Тогда в «Гудке» работали такие разные люди, как Булгаков, Петров, Катаев, Ильф, Славин, Бондарин, Гехт. Они писали о сегодняшнем дне, писали по-своему. Они выражали современность и становились все более непохожими друг на друга.

Время — великий руководитель. Четвертая полоса «Гудка» переорганизовала судьбу писателя.

Газетная работа открыла большие художественные возможности.

Газета создается как будто на один день, но события, в ней изложенные, изменяют историю, изменяют ступенчатость изобретениями, открытиями, революциями, войнами.

В самом слове «творчество» лежит представление о том, что появляется заново.

В то же время и элементы машин, и принципы, заложенные в процессы создания новой техники, слова, которые мы говорим, — все они существовали и до нас.

Мы пользуемся богатством, до нас созданным.

Время требовало иной, многосложной, многотемной формы.

Олеша сразу овладел искусством писать просто и доходчиво.
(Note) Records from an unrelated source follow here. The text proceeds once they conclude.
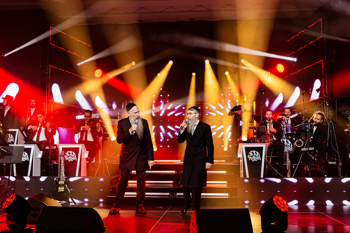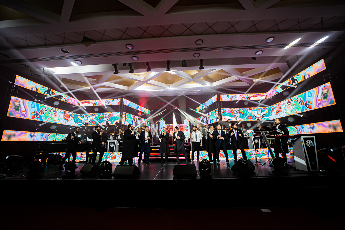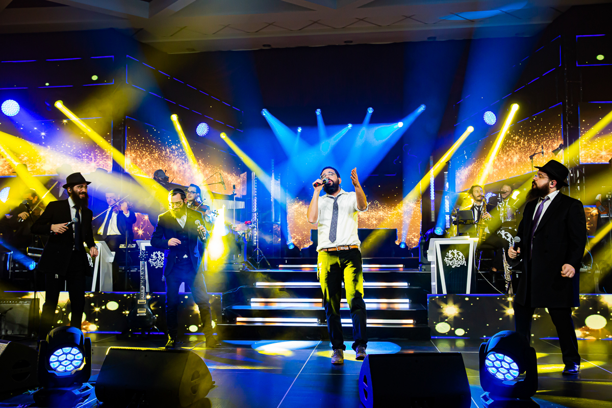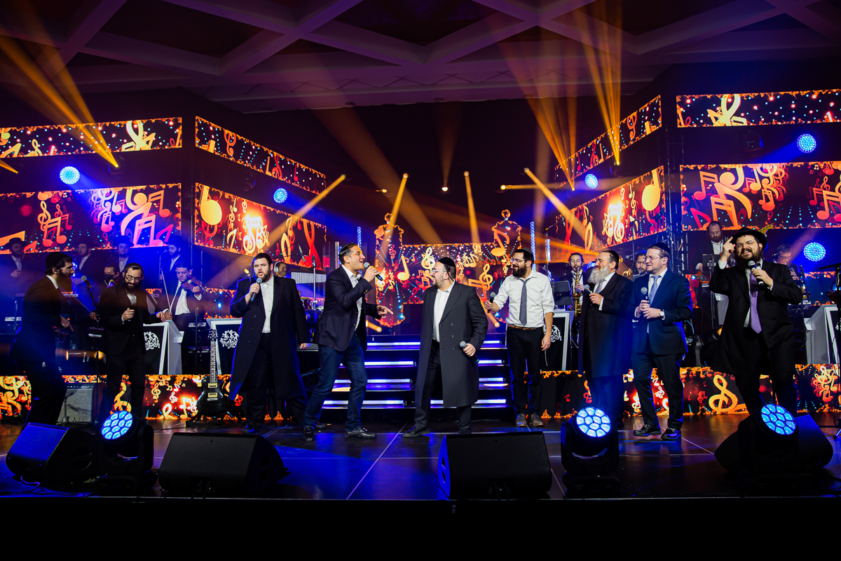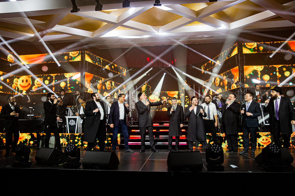 Avraham Fried, Mordechai Ben David, Chaim Yisrael, Eli Marcus, Baruch Levine, 8th Day band, Lipa Schmeltzer, Shmuli Ungar, Shlomo Simcha and Mendy J sang solo and in duet, soulful tunes and rousing Hakafos niggunim, as they danced across the stage late into the night.
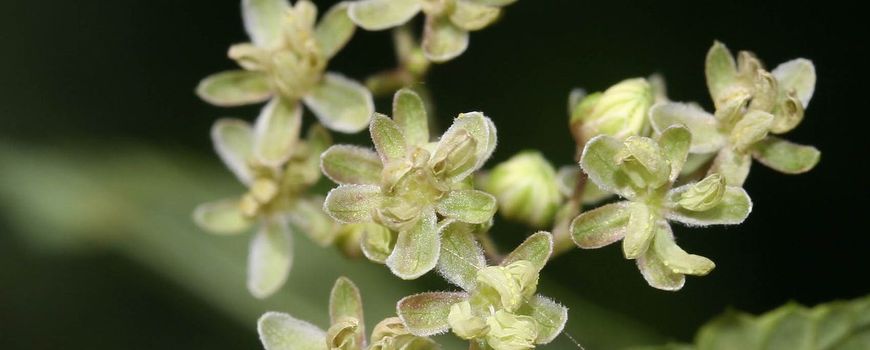 Als u toch dat loepje in de hand heeft, speur dan ook naar de bloemen. Hop (Humulus lupulus) heeft of vrouwelijke, of mannelijke bloemen. De mannelijke zie je niet vaak omdat ze supersnel uitgebloeid raken. De vrouwelijke bloemen veranderen in de bekende hopbellen, die menig bieretiket sieren.
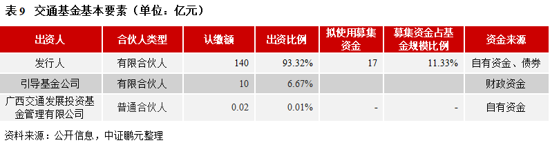 交通基金,2019年由發行人作為主發起人設立的有限合伙制基金,總體規模150億元,由廣西自治區財政廳安排 10 億元,注資廣西投資引導基金有限責任公司,代表自治區財政廳履行出資人義務。剩余資金由廣西交投集團通過增信籌資、社會化募集等方式籌集。發行人子公司廣西交通發展投資基金管理有限公司為基金管理人。交通基金存續期30年,根據經營需要,可延長。基金投向省內高速公路、鐵路等項目,投資方式主要以母子基金形式進行,以股權形式投資到項目企業的資金作為項目資本金,或帶動金融機構通過貸款等債權方式出資到項目企業。2020年公司收到廣西投資引導基金有限公司投資資金 8.83 億元,用于出資交通基金相關子基金。
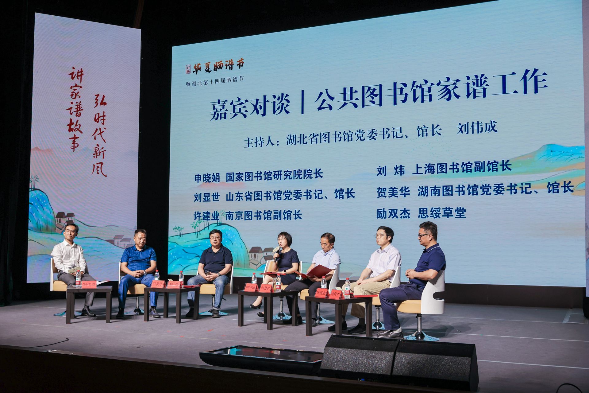 湖北省圖書館黨委書記、館長劉偉成主持嘉賓對談環(huán)節(jié)。圍繞“公共圖書館家譜工作”的主題,討論家譜在當(dāng)代社會中的重要性以及其對于傳承中華優(yōu)秀傳統(tǒng)文化和弘揚社會主義核心價值觀的作用,共商公共圖書館在家譜研究方面應(yīng)扮演的角色與推動家譜研究的發(fā)展項目。
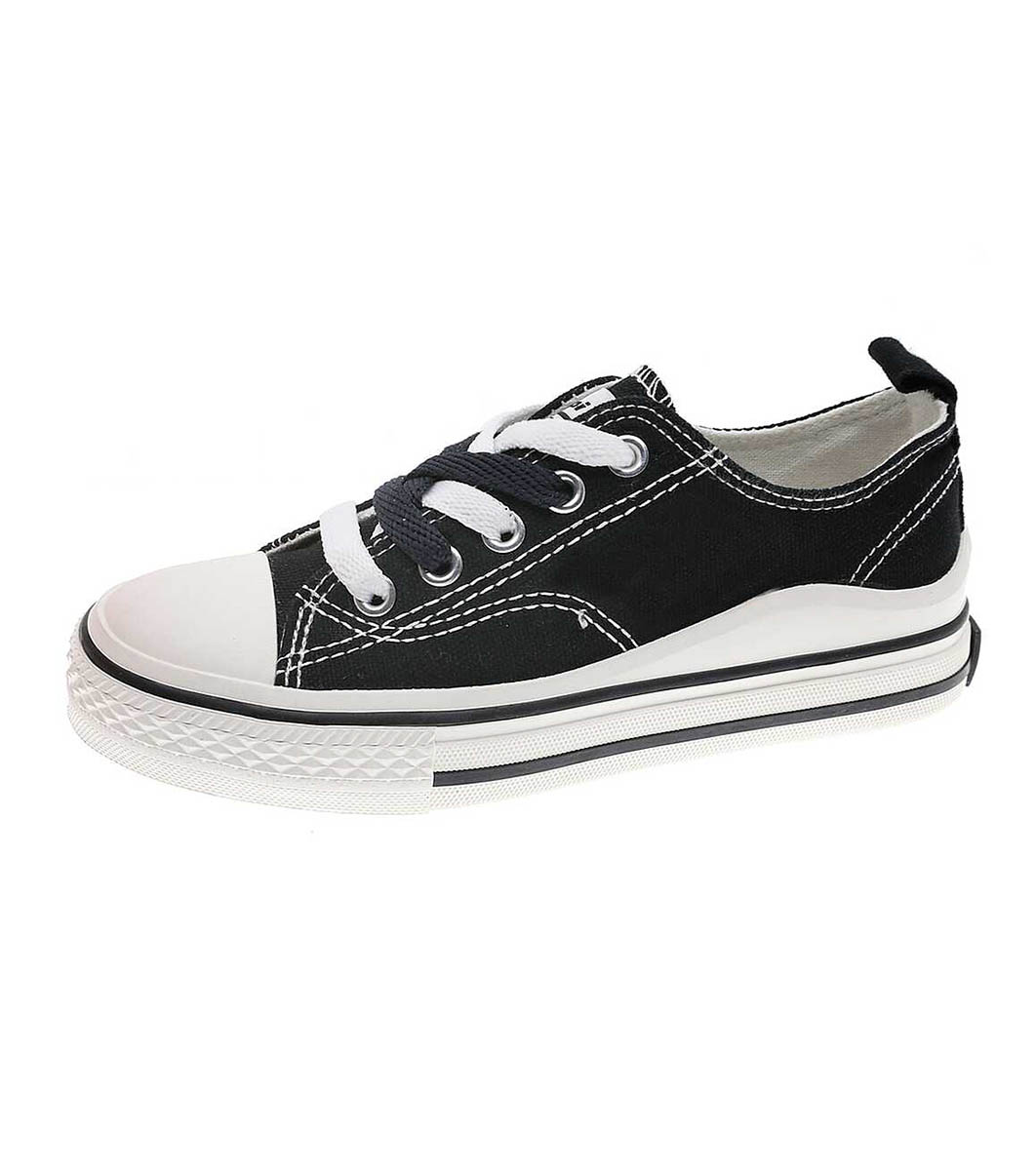 Beppi Tenisi negri pentru copii cu cusături spectaculoase și șireturi În față rotunjite

Это были «Три Толстяка» — детская сказка, написанная на рулоне газетной бумаги, написанная не на столе, а на полу, «Три Толстяка», которые оказались новым мифом.

Сказка, написанная полвека назад поэтом, работником газеты, переведена, на десятки языков.

Ее читает каждое новое поколение детей.

Сказка превращалась в киноленту, в балет.

Героиня сказки — девочка, которая сыграла роль куклы, для того чтобы проникнуть в замок врага. Такое уже было известно в цирке.

В сказке клоун, вся труппа бродячего цирка и веселое народное циркачество. Ходьба по проволоке противопоставлена чинному танцу — науке учителя Раздватриса.

Есть другая наука — наука доктора Гаспара.

Доктор Гаспар из числа тех людей, которые изобретают порох.

По словам Пушкина, порох победил рыцарство. Мы можем это даже уточнить: чешские мужики, табориты, с изобретенными ими пищалями разбили, европейское рыцарство, изменив ход истории.

Существуют необыкновенно уплотненные звезды. Они так тяжелы, так значительны, что мощь их изгибает ход лучей.

Время революций — время уплотненное.

Это сверхвремя.

Человек, работающий на обработке писем рабкоров, пишет маленький роман для детей, стилистически сложный, создает чудо; дети понимают эту новую сложность.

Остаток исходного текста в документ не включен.